LinkedIn For High School: A 16-Year-Old’s Thoughts On Professional Networking

LinkedIn For High School: A 16-Year-Old’s Thoughts On Professional Networking

LinkedIn For High School: A 16-Year-Old’s Thoughts On Professional Networking

Prior to this year, I had no idea what LinkedIn is or how it could benefit me. I’m sixteen, almost seventeen, and I have been in an entrepreneurial class called Noble Impact for the past two years. The class was introduced to us our 10th grade year. The class has taught me a lot about the way I present myself to people I would like to get potentially get to know better, both personally and professionally.

This year in our Noble 201 class, one our of assignments was to create an account on LinkedIn. When I downloaded the app and looked over it, I was very confused. It was not like Twitter or Instagram, apps which had included colorful pictures and funny updates I can “like” or “favorite.” The app mostly just had articles. It seemed pretty boring.

To set up an account, I had to input my name, job experience, and other details about myself, which I assumed LinkedIn would use to direct me to updates or posts that would interest me. After a couple of questions and clicks, it sent me to the homepage, at which point, I was still thinking it must be like Twitter, so I was looking for things that a teen would look for — something along the lines of my interests. Immediately I was bored, I didn’t like it. It wasn’t the fact that there was a lot reading — it was the fact that it didn’t hold my attention.

A couple of days passed, and we were asked to write a good summary that could show other people viewing our profile just how credible we are. I put my summary in and cleaned up my profile a little bit more and was surprised how easily connections were just coming back to me. All of a sudden, the app wasn’t boring anymore. I started to see the value of it. I was looking for jobs at the time, for example, and I would get on and search for the company I was interested in, and it would pop up with a description and sometimes an opening. We also learned in class that you can see how we’re connected to people who work at the organization on the company’s LinkedIn page.

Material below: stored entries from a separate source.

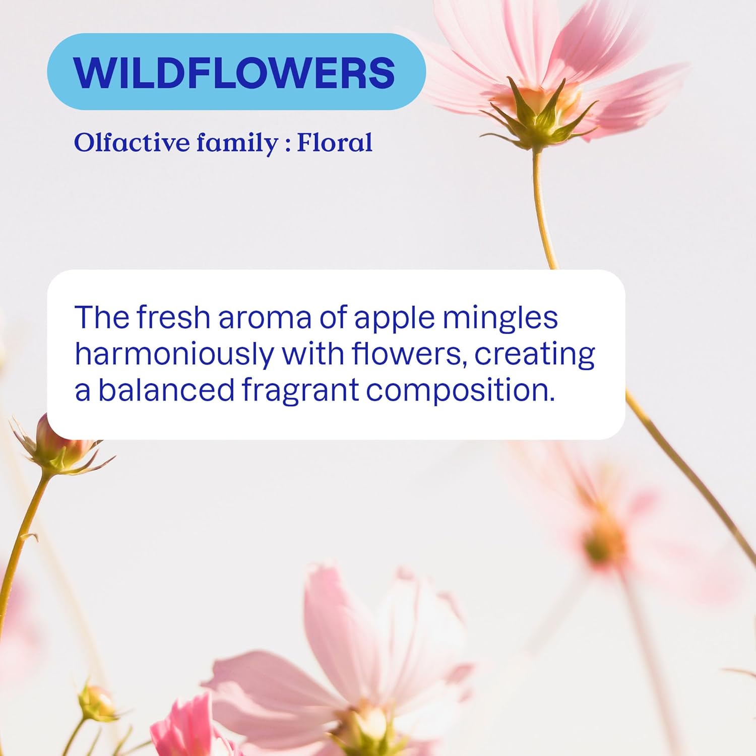 - WILDFLOWER FRAGRANCE: This softener's fresh apple aroma blends harmoniously with flowers and deep patchouli, enveloping your laundry in a fresh floral fragrance.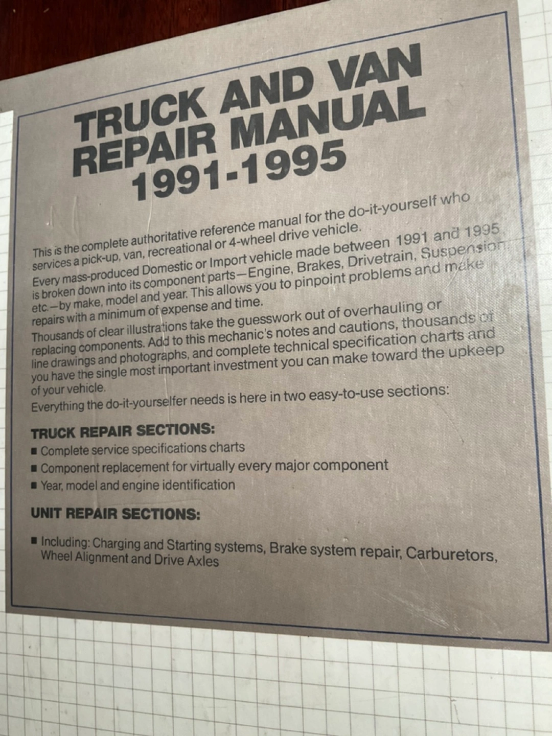 91-95 TRUCK & VAN CHILTONS MANUAL #2911 , Canadian & U.S. Models, hardcover, 3” thick, loaded with diagrams & information etc. $50. Pick up in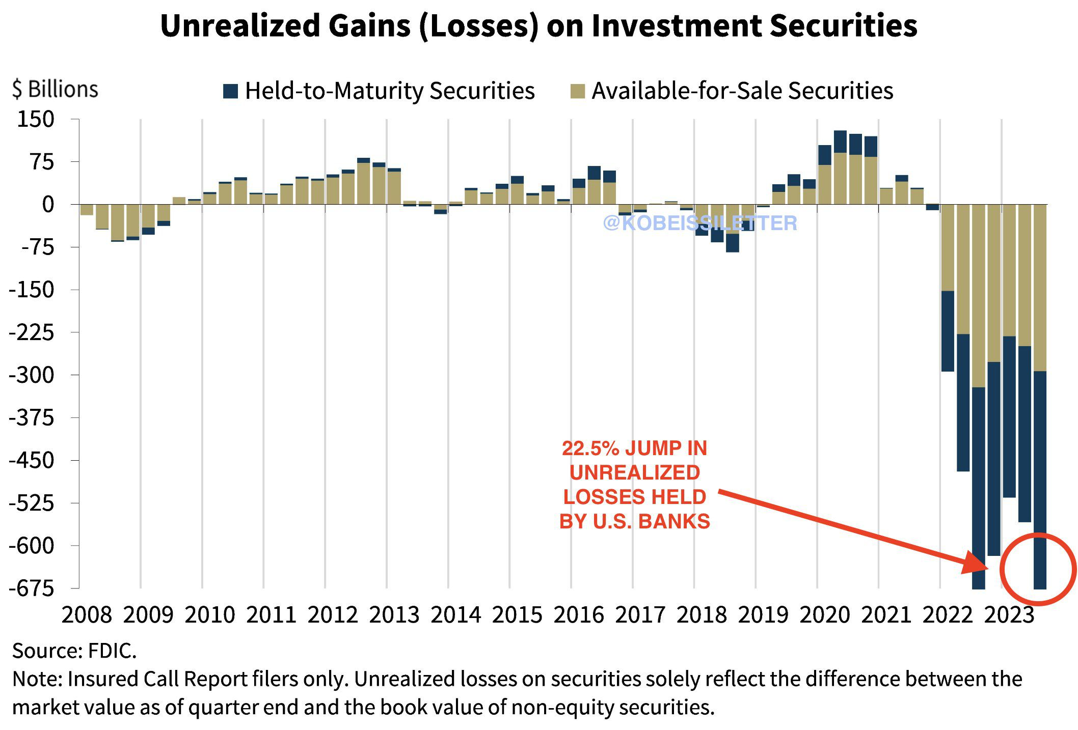 البنوك الأمريكية لم تخرج من الأزمة بعد وما زالت تعاني من الأزمة المصرفية التي هزت البلاد في وقت سابق من هذا العام. تستمر الخسائر غير المحققة في التزايد، وهي ليست مشكلة كبيرة حتى تصبح كذلك.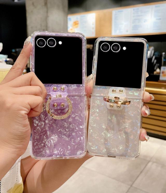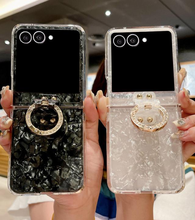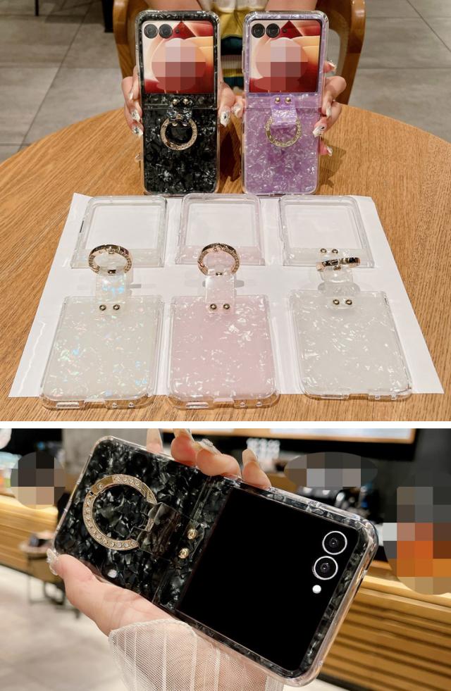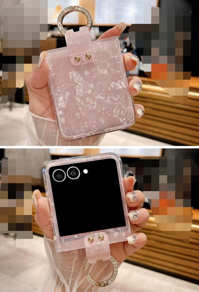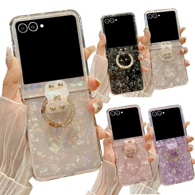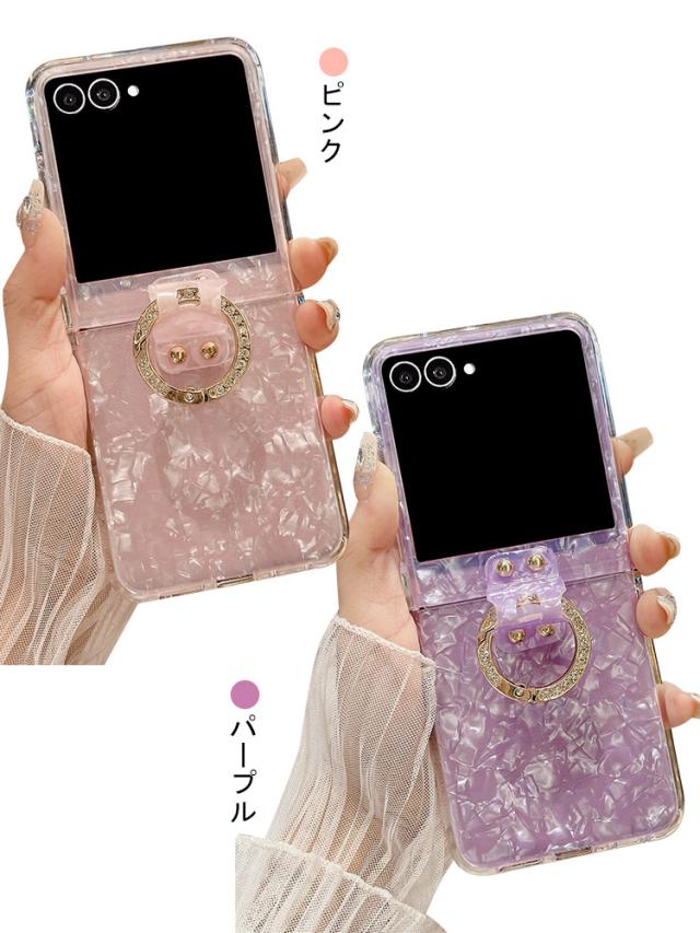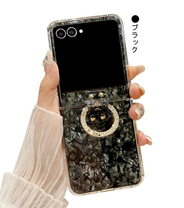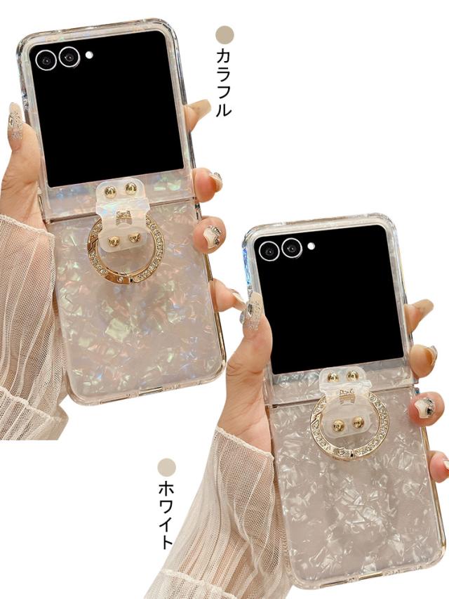 Galaxy Z Flip7 ケース /カバー 折りたたみ型 貝殻風模様 ラインストーン 一体型リング付き 可愛い お洒落 シンプル ハードケース お洒落 Samsung サムスン ギャラクシー Z フリップ7 保護ケース アンドロイド おすすめ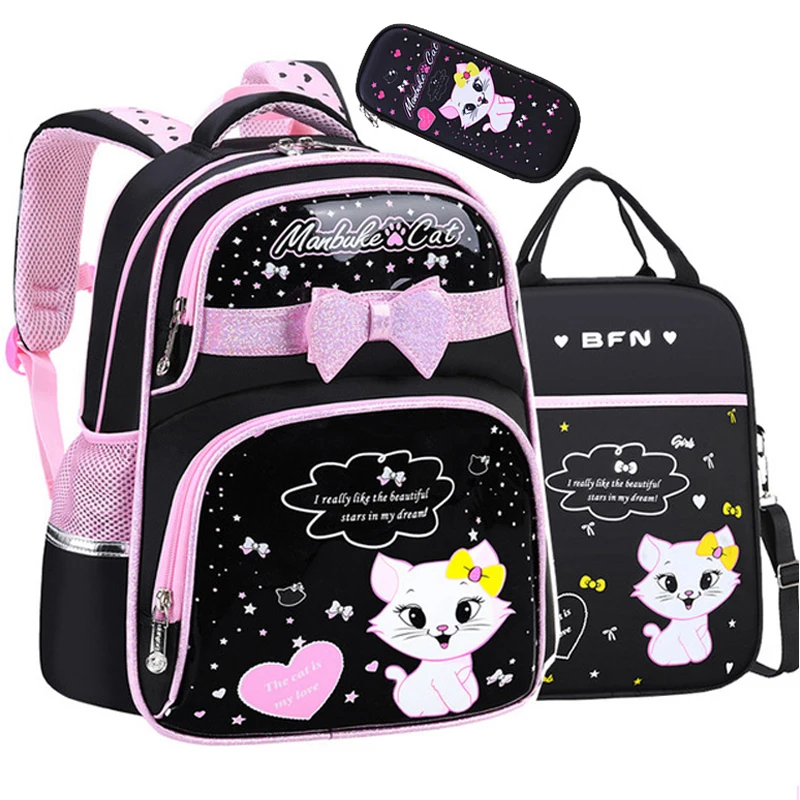 Милые школьные ранцы для девочек, модные ортопедические портфели для начальной школы с мультяшным принтом кота, рюкзаки для принцесс, детские сумки для книг

I also got some help on how to clean up my profile from my Aunt Melba. She is a very high-profile woman and has many titles. I was at her house this summer, during which time she happened to be looking for a new job. She has so much experience and so many references that I was surprised she wasn’t getting called for new jobs by the second.

Beyond the basics of filling out my profile, Aunt Melba has also taught me about online safety. She called me recently to suggest that I remove my birthday (date and year) from my public profile, warning me that though LinkedIn is a professional site, there are still creepy people lurking around. She was basically saying that I’m in this for my professional development, not for strangers to know my whole life story.

As of now, I still use the app, and I constantly get on to check for interesting articles and people I can connect with. The app isn’t boring; I was just taken aback at first, because I didn’t know what to do with it. But now I realize I can use LinkedIn for high school growth.

I’ve learned so much just with this app alone. It taught me how other people look at me and how I want other people to look at me. Also, it is not like Twitter. The concept of Twitter is to connect and engage with other people however that may be. LinkedIn, on the other hand, is for professional use only. It is for getting connected with people in the same area as you, who may share similar career goals or interests.

So, while it can be difficult to get used to for first-timers, LinkedIn is not boring.